As I immersed myself in the research for this book, I began to trace a line from the innocence of Cinderella to the struggles Miley Cyrus has faced in trying to “age up,” which in turn was connected to how regular girls present themselves on Facebook (where identity itself becomes a performance, crafted in response to your audience of 322 BFFs). It seemed that even as new educational and professional opportunities unfurled before my daughter and her peers, so did the path that encouraged them to equate identity with image, self-expression with appearance, femininity with performance, pleasure with pleasing, and sexuality with sexualization.
So much is at stake, for mothers with girls of all ages: How do we define girlhood?
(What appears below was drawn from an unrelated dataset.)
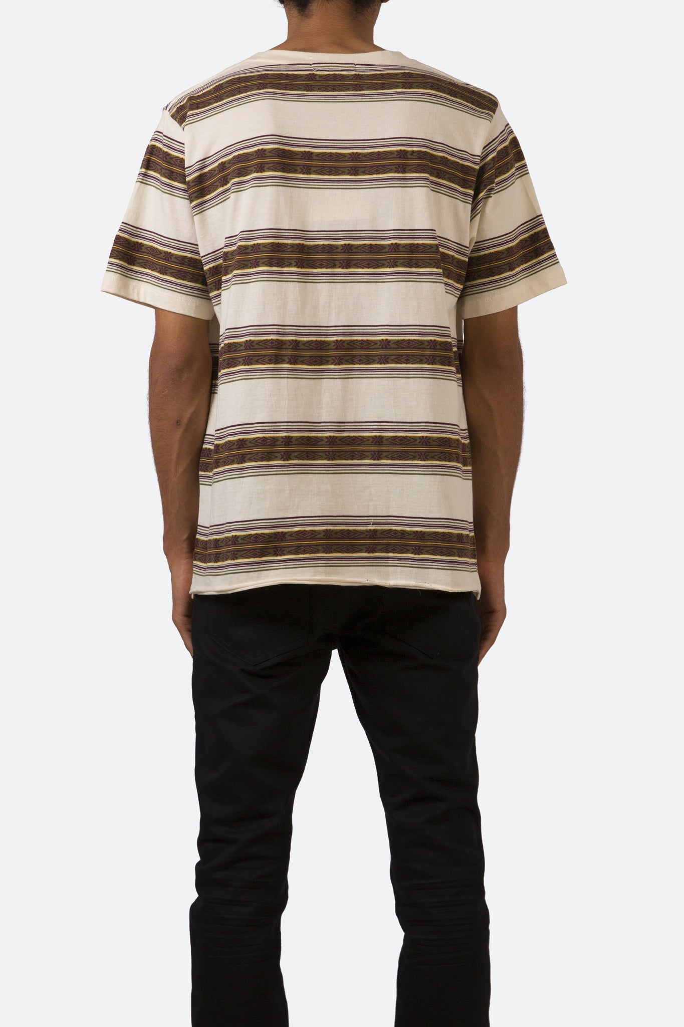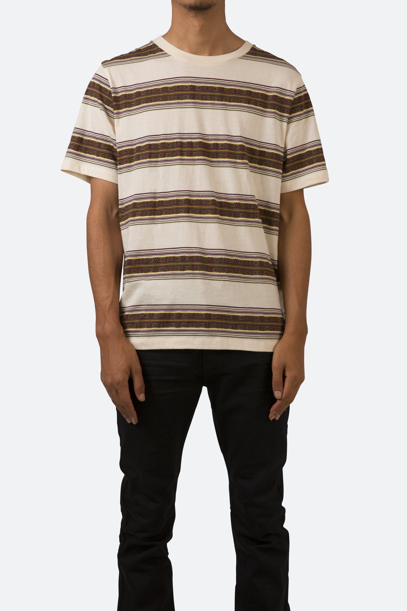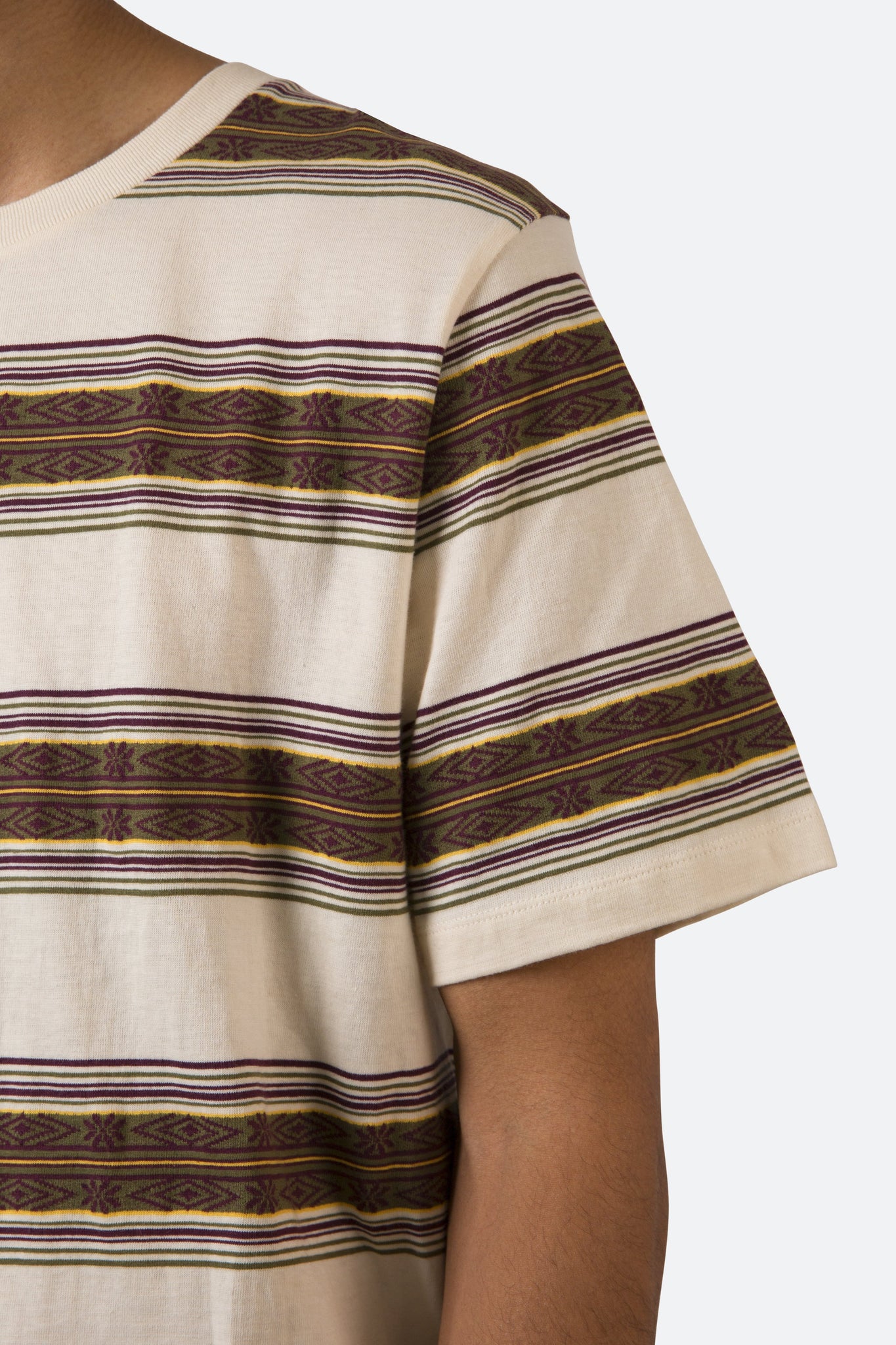 the Pattern Striped Tee features a slim fit, ribbing at the neck, a standard hem, and is constructed from a custom striped fabric.

What about femininity? Beauty? Sexuality? Our choices will tell our girls how we see them, who we want them to be, our values, expectations, hopes, and dreams. Do we want them to be judged by the content of their character or the color of their lip gloss?
I’m the first to admit that I do not have all the answers. Who could? But as a mother who also happens to be a journalist (or perhaps vice versa), I wanted to lay out the context—the marketing, science, history, culture—in which we make our choices, to provide information and insight that might help parents, educators, and all of us who care about girls guide them toward their true happily-ever-afters.
Orenstein, who has written about girls for nearly two decades (Schoolgirls), finds today's pink and princess-obsessed girl culture grating when it threatens to lure her own young daughter, Daisy. In her quest to determine whether princess mania is merely a passing phase or a more sinister marketing plot with long-term negative impact, Orenstein travels to Disneyland, American Girl Place, the American International Toy Fair; visits a children's beauty pageant; attends a Miley Cyrus concert; tools around the Internet; and interviews parents, historians, psychologists, marketers, and others. While she uncovers some disturbing news (such as the American Psychological Association's assertion that the "girlie-girl" culture's emphasis on beauty and play-sexiness can increase girls' susceptibility to depression, eating disorders, distorted body image, and risky sexual behavior), she also finds that locking one's daughter away in a tower like a modern-day Rapunzel may not be necessary. Orenstein concludes that parents who think through their values early on and set reasonable limits, encourage dialogue and skepticism, and are canny about the consumer culture can combat the 24/7 "media machine" aimed at girls and hold off the focus on beauty, materialism, and the color pink somewhat. With insight and biting humor, the author explores her own conflicting feelings as a mother as she protects her offspring and probes the roots and tendrils of the girlie-girl movement. (Jan.)